= Task details =
The needed output is the run of lines below from the one containing "Zur DĂ€mmerung bringen" through the one containing "新款2026馬年春節福字對聯鬭方門貼喬遷新居磁吸年輕人裝飾對聯", copied exactly and free of pictures.

= Material for this task =
* * * *

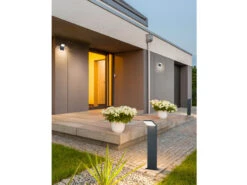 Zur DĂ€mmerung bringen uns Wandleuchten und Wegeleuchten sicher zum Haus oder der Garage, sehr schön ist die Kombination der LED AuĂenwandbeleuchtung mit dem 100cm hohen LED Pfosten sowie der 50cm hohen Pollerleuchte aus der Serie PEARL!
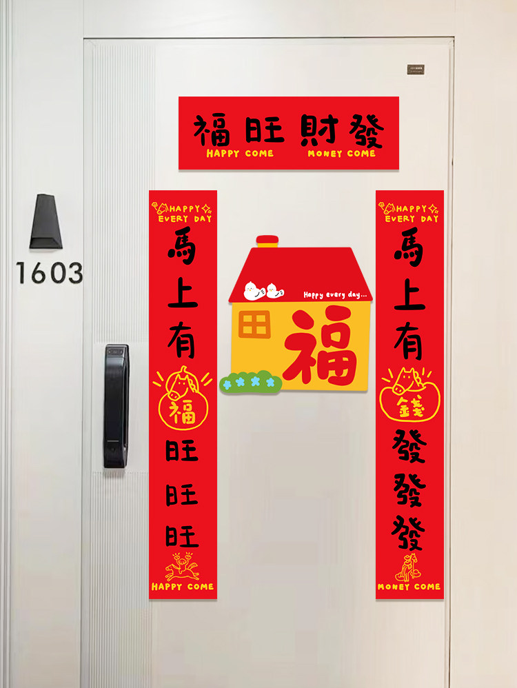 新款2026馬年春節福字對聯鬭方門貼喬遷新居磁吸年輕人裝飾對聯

* * * *

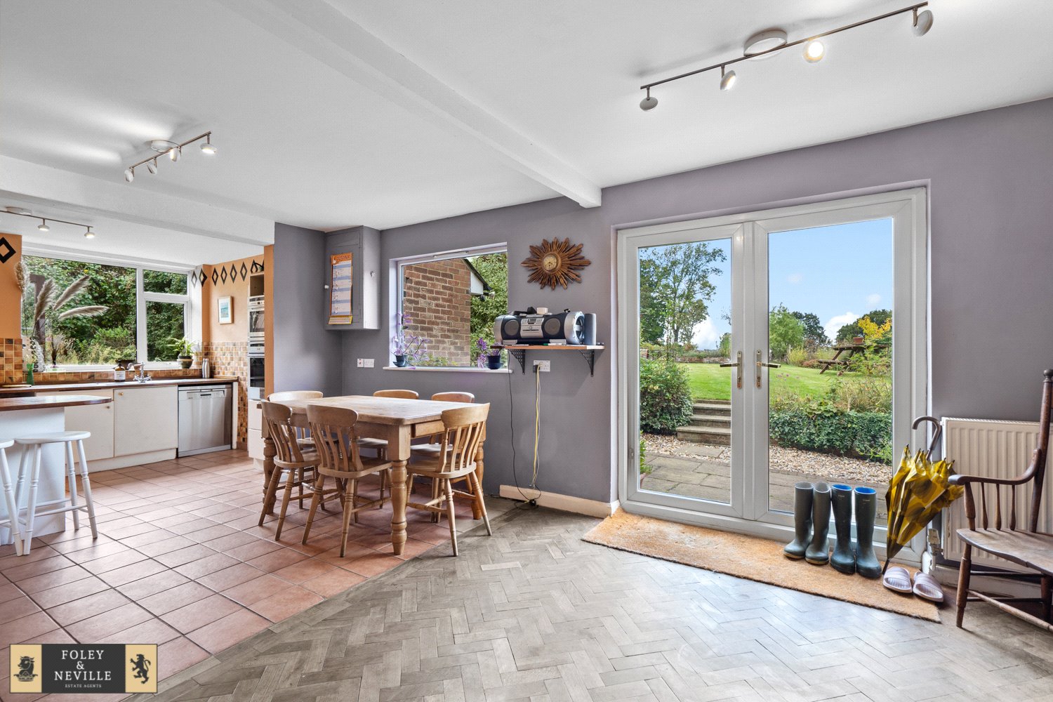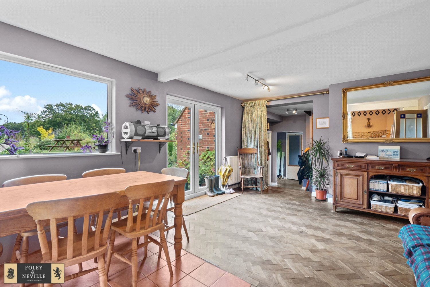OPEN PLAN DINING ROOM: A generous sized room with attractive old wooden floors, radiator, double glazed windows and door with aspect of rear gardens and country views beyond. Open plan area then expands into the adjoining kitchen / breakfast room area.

* * * *

= Expected output =
 Zur DĂ€mmerung bringen uns Wandleuchten und Wegeleuchten sicher zum Haus oder der Garage, sehr schön ist die Kombination der LED AuĂenwandbeleuchtung mit dem 100cm hohen LED Pfosten sowie der 50cm hohen Pollerleuchte aus der Serie PEARL!
 新款2026馬年春節福字對聯鬭方門貼喬遷新居磁吸年輕人裝飾對聯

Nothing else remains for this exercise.